Information provided =>
Segment Open
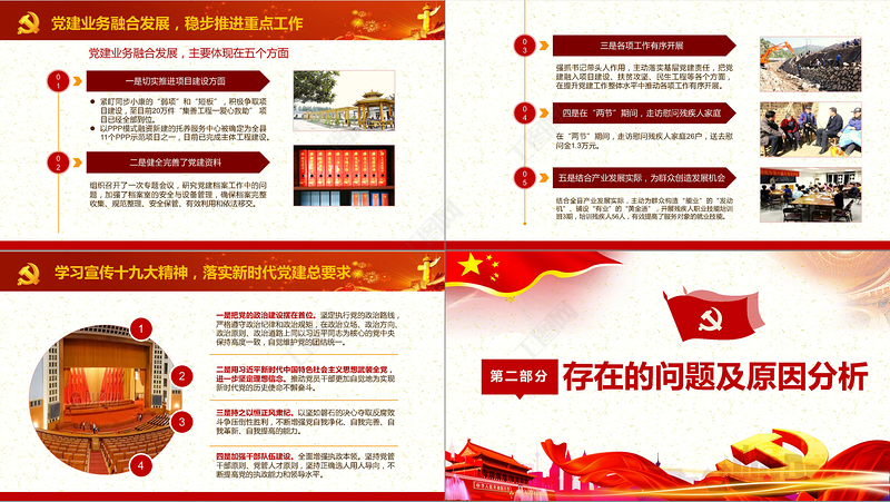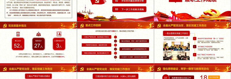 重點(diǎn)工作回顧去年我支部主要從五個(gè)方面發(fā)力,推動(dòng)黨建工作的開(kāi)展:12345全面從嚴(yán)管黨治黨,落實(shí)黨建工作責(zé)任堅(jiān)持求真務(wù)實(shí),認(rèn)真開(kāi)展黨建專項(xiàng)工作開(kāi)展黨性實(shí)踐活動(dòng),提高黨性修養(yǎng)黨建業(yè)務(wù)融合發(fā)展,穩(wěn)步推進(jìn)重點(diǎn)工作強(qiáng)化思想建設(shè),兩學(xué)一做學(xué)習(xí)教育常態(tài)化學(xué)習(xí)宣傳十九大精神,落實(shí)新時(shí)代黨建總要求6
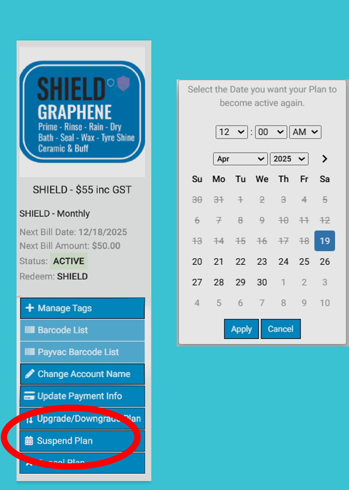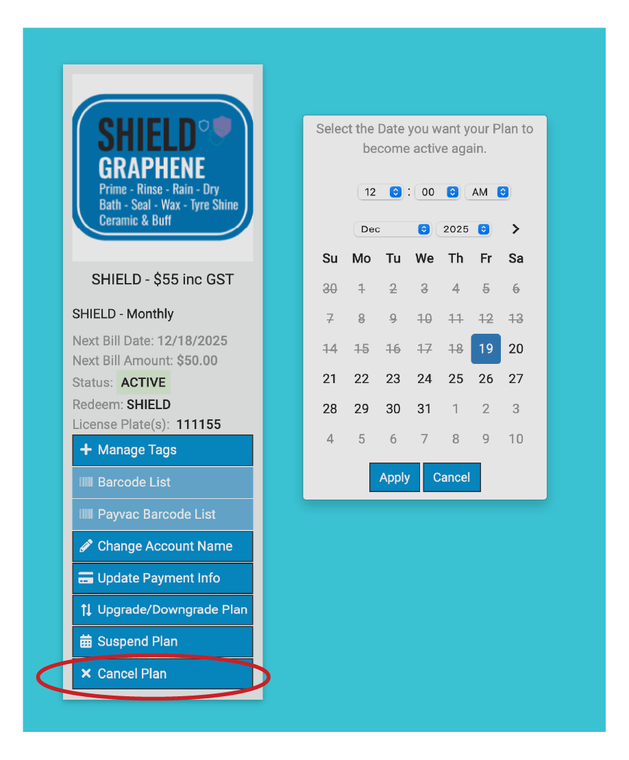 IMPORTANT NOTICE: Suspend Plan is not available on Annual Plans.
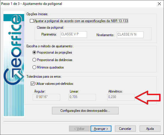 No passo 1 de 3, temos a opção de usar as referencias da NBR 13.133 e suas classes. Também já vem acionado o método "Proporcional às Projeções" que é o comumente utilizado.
Segment Closed
Exercise => Copy out the material word for word, without any images.

Solution below =>
 重點(diǎn)工作回顧去年我支部主要從五個(gè)方面發(fā)力,推動(dòng)黨建工作的開(kāi)展:12345全面從嚴(yán)管黨治黨,落實(shí)黨建工作責(zé)任堅(jiān)持求真務(wù)實(shí),認(rèn)真開(kāi)展黨建專項(xiàng)工作開(kāi)展黨性實(shí)踐活動(dòng),提高黨性修養(yǎng)黨建業(yè)務(wù)融合發(fā)展,穩(wěn)步推進(jìn)重點(diǎn)工作強(qiáng)化思想建設(shè),兩學(xué)一做學(xué)習(xí)教育常態(tài)化學(xué)習(xí)宣傳十九大精神,落實(shí)新時(shí)代黨建總要求6
 IMPORTANT NOTICE: Suspend Plan is not available on Annual Plans.
 No passo 1 de 3, temos a opção de usar as referencias da NBR 13.133 e suas classes. Também já vem acionado o método "Proporcional às Projeções" que é o comumente utilizado.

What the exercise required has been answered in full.